> _WHAT YOU HAVE TO DO_
Exclude pictures; retype the lines below from the line containing "Fotografie: Jessi Fotoliebe" through the end of the records, both ends kept.

Entries taken from a collection
########################################
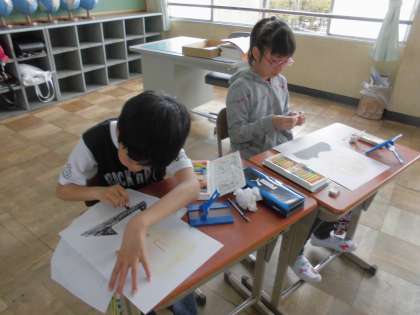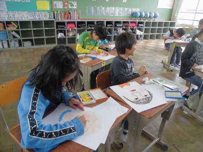 今日の図工の時間は,鏡を見ながら自画像を描きました。
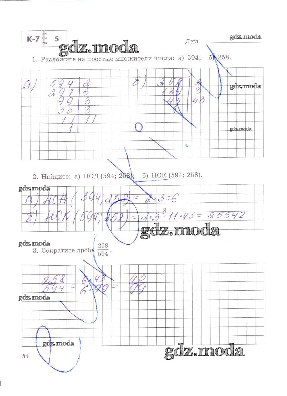 ГДЗ решение к заданию № 54 Математика 6 класс тетрадь для контрольных работ Зубарева И.И. Мнемозина 2020 Часть 1, Часть 2 ФГОС бесплатно на гдз.мода!
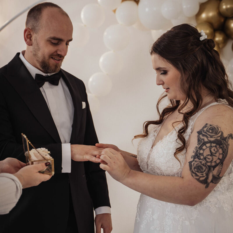 Fotografie: Jessi Fotoliebe | Location: Novaxevent| Hochzeitsplanung: Einmalige Hochzeitsplanung | Dekoverleih: Happily Ever After | Styling: MakeUp by MG | Torte: Emba Emilia | Traubogen: Nicoles Ballonträume
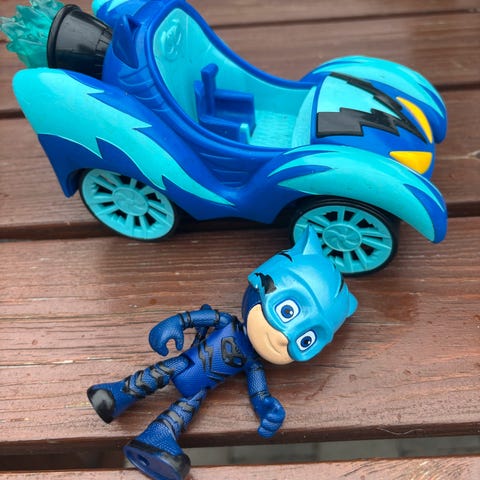 PAW Patroller for to biler og plass på utsiden for ytterligere fire PAW Patrol-biler. Trykk på knappen på siden av PAW Patroller, kjøretøyets sider vender opp og avslører to bæreraketter. Trekk i spaken for å plassere bærerakettene, og trykk på startknappene for å sende kjøretøyene dine til redning. Trykk deretter på knappen på toppen av PAW Patroller for å høre lydeffekter rett fra showet.
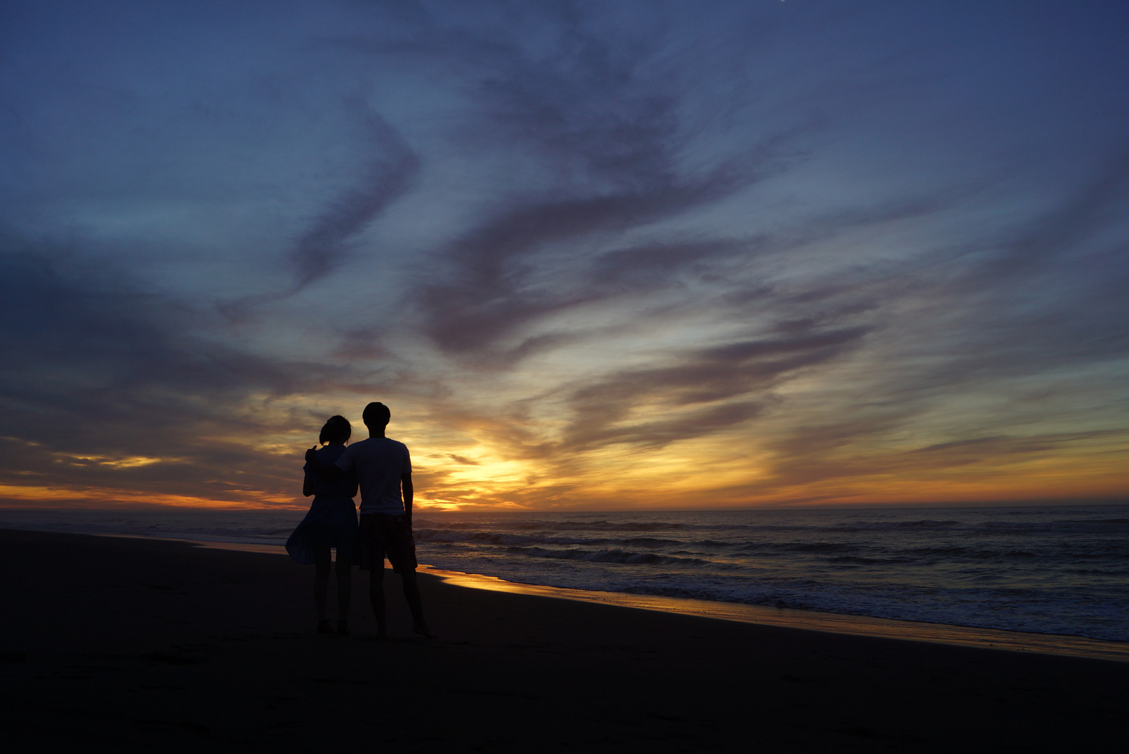 朝焼けの海岸で、二人だけの思いでを大切に。
########################################
> _OUTPUT_
 Fotografie: Jessi Fotoliebe | Location: Novaxevent| Hochzeitsplanung: Einmalige Hochzeitsplanung | Dekoverleih: Happily Ever After | Styling: MakeUp by MG | Torte: Emba Emilia | Traubogen: Nicoles Ballonträume
 PAW Patroller for to biler og plass på utsiden for ytterligere fire PAW Patrol-biler. Trykk på knappen på siden av PAW Patroller, kjøretøyets sider vender opp og avslører to bæreraketter. Trekk i spaken for å plassere bærerakettene, og trykk på startknappene for å sende kjøretøyene dine til redning. Trykk deretter på knappen på toppen av PAW Patroller for å høre lydeffekter rett fra showet.
 朝焼けの海岸で、二人だけの思いでを大切に。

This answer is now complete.